### Work instruction
Look through the entries below for the line with "職員及び職員ご家族の病気の早" and the line with "一般的な横向き寝は体全体を横", then give again exactly those two lines and all lines between them, minus the pictures.

Records drawn from a dataset:
====

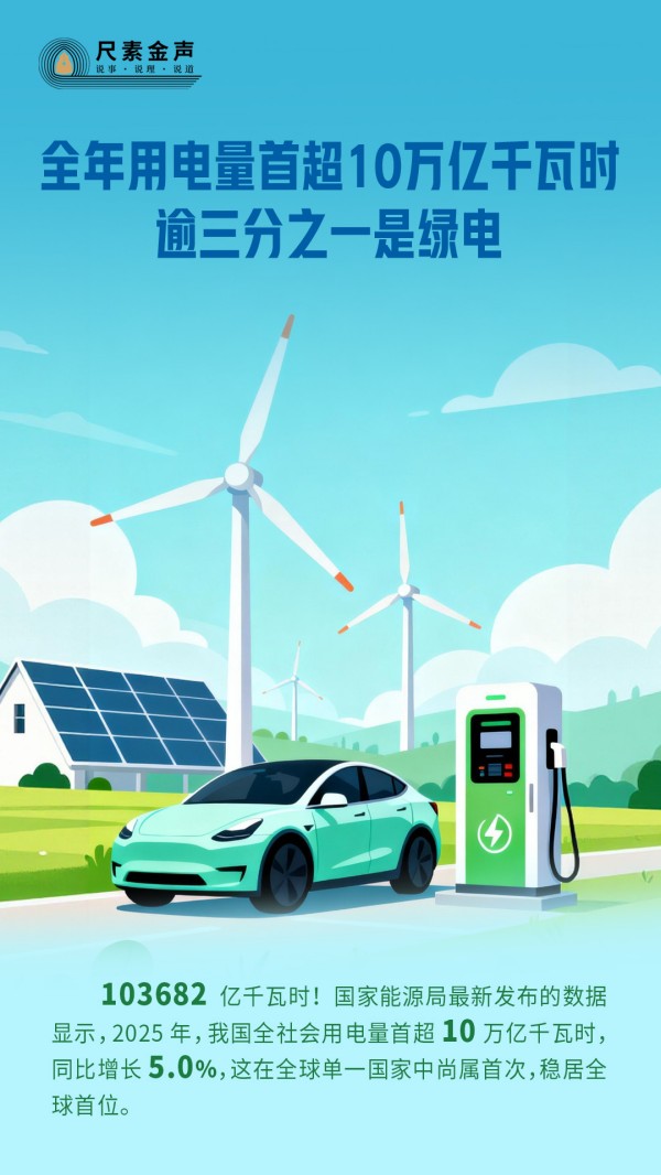 尺素金聲|全年用電量首超10萬億千瓦時,逾三分之一是綠電
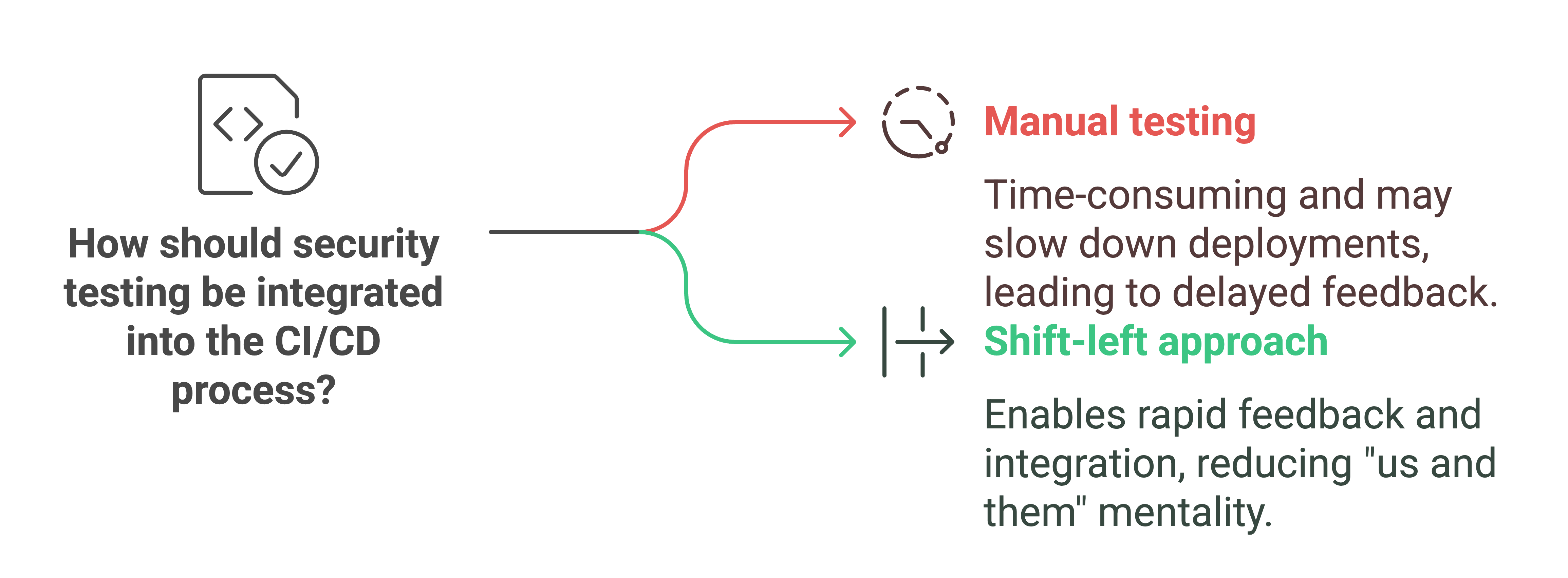 尽管手动安全测试有其价值(我们将在下面讨论),但将对安全要求的参与限制在 CI/CD 流程末尾的一个步骤意味着您将错过快速、定期反馈的好处,原因如下:
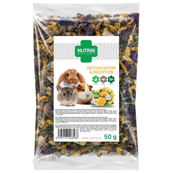 Nutrin Nature Detoxication & Digestion je doplňková směs bylinek pro králíky, činčily, morčata, osmáky a jiné býložravé savce. Jedná se pamlsek, který lze přimíchávat do sena, a nebo podávat samostatně.
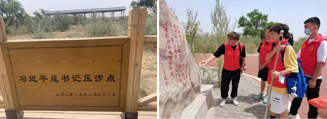 在兩山實(shí)踐基地負(fù)責(zé)人的指引下,我們參觀(guān)了習(xí)近平總書(shū)記曾經(jīng)到達(dá)過(guò)八步沙參與壓沙的目的地,認(rèn)真學(xué)習(xí)了習(xí)近平總書(shū)記在八步沙的講話(huà)精神,深刻領(lǐng)悟到了習(xí)近平總書(shū)記號(hào)召大家要弘揚(yáng)八步沙“六老漢”困難面前不低頭,敢把沙漠變綠洲的當(dāng)代愚公精神,在今后,我們將把這種精融入到實(shí)踐當(dāng)中,不負(fù)青春,不負(fù)韶華積極投身于祖國(guó)建設(shè)中。
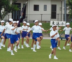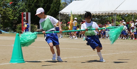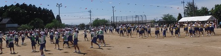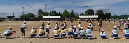 晴天の下,校区が広くなっての初めての運動会が5月30日(土)に
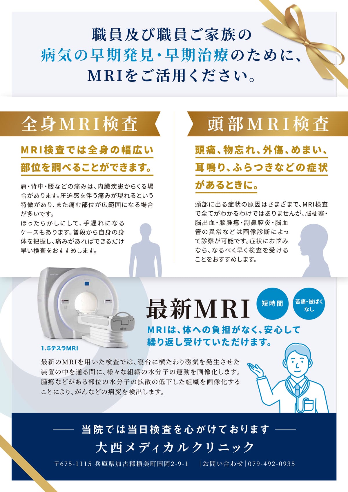 職員及び職員ご家族の病気の早期発見・早期治療のために、大西メディカルクリニックMRIをご活用ください。
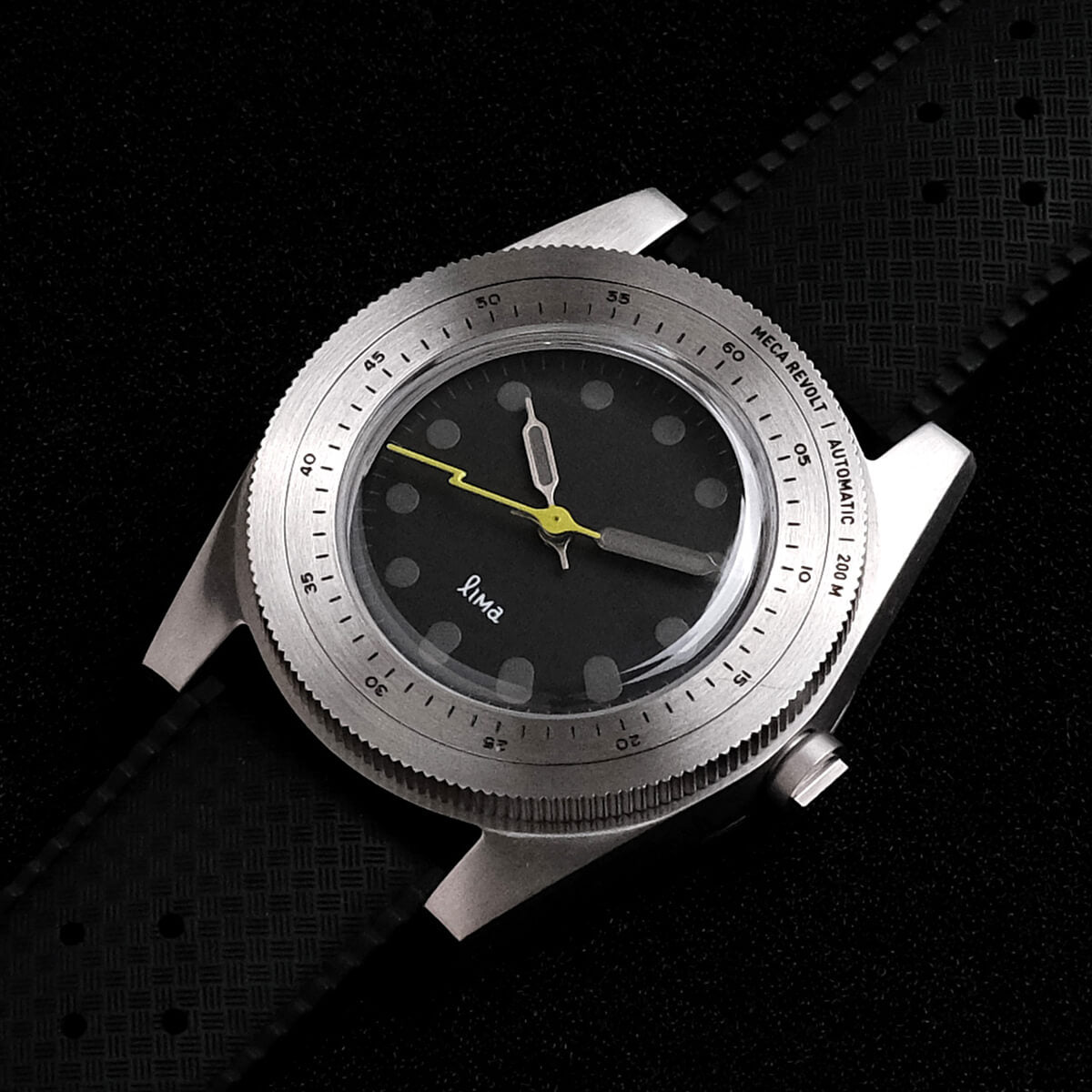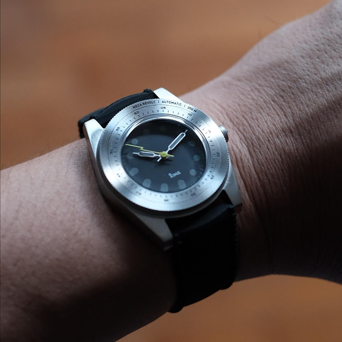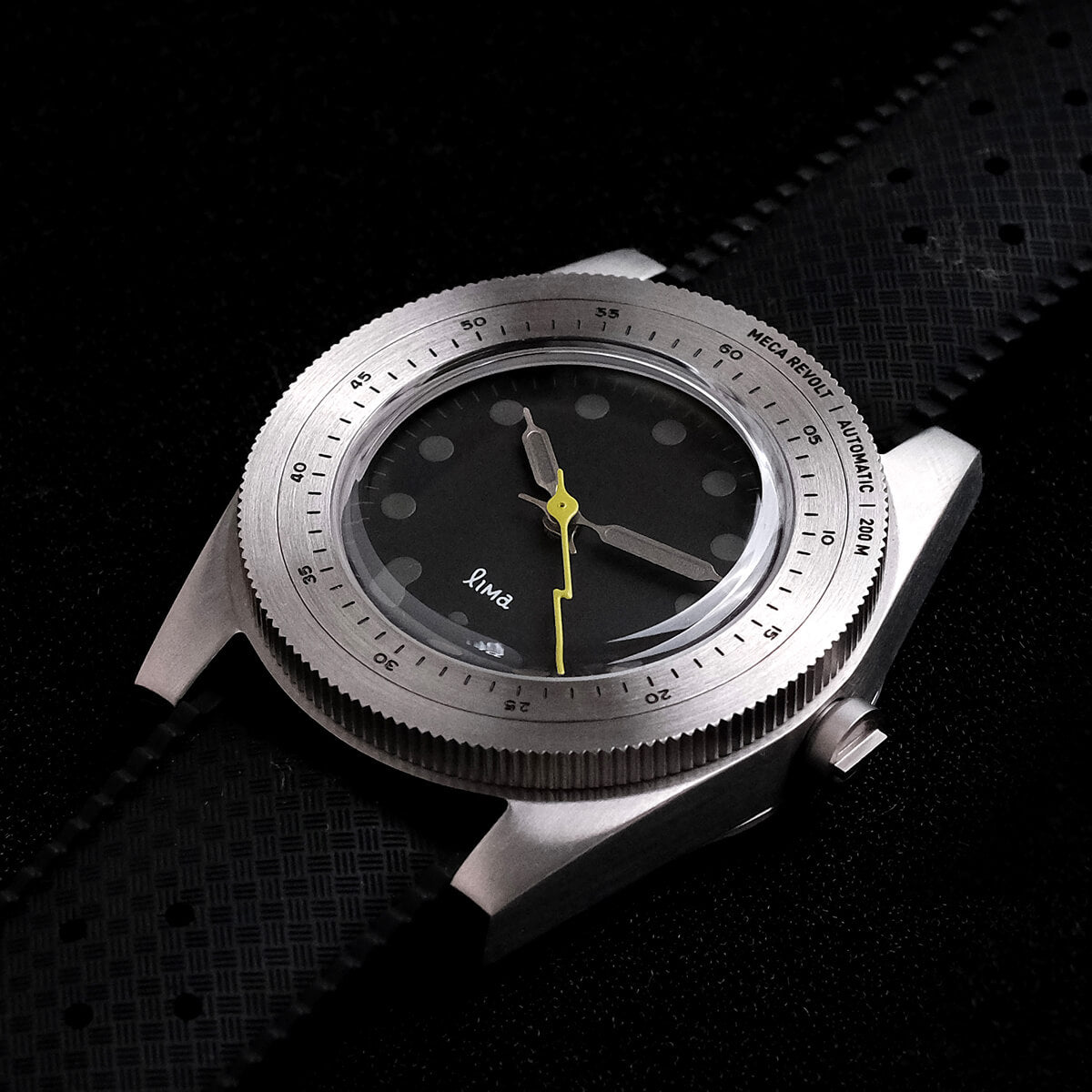 The latest MECA‑REVOLT introduces a silver bezel while retaining the bold black minutes scale.
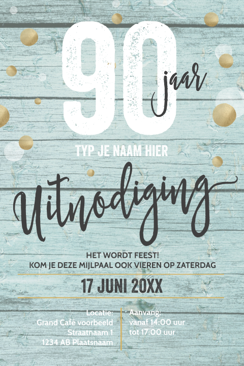 Hippe Uitnodiging 65e Verjaardag Met Goudlook Ballonnen Op Hout from www.prettyorange.nl
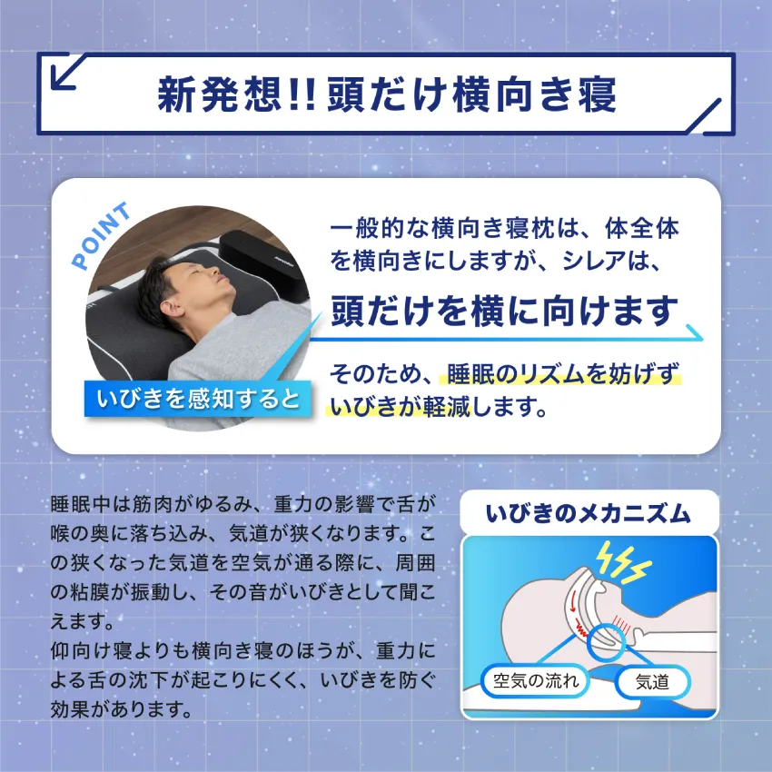 一般的な横向き寝は体全体を横向きにしますが、シレアはいびきを感知すると頭だけを横に向けます。
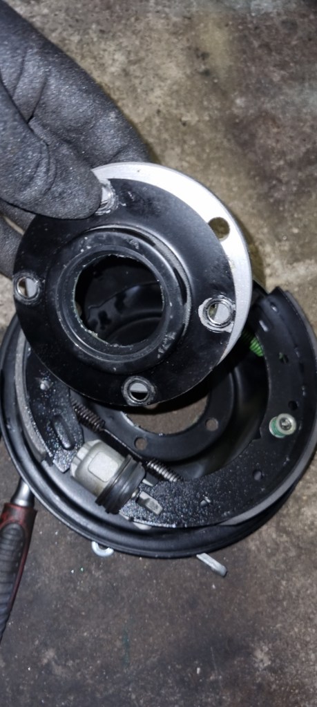 With the hub out of the way the brake anker plate can be removed.
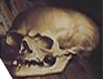 sieht, wenn man das Bild schräg von links unten betrachtet. Hans Holbein
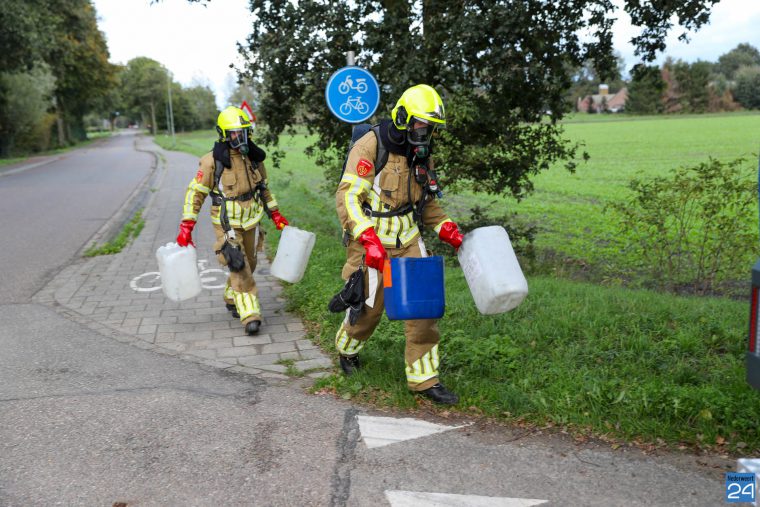 De meldkamer had een melding gekregen dat het om gedumpt afval zou gaan en dus werden zowel de brandweer als de politie gewaarschuwd. Waarschijnlijk zijn de jerrycans van een aanhanger afgewaaid. De brandweer heeft de vaatjes aan de kant gezet. De gemeente zal de vaatjes opruimen.

====

### Answer box
 職員及び職員ご家族の病気の早期発見・早期治療のために、大西メディカルクリニックMRIをご活用ください。
 The latest MECA‑REVOLT introduces a silver bezel while retaining the bold black minutes scale.
 Hippe Uitnodiging 65e Verjaardag Met Goudlook Ballonnen Op Hout from www.prettyorange.nl
 一般的な横向き寝は体全体を横向きにしますが、シレアはいびきを感知すると頭だけを横に向けます。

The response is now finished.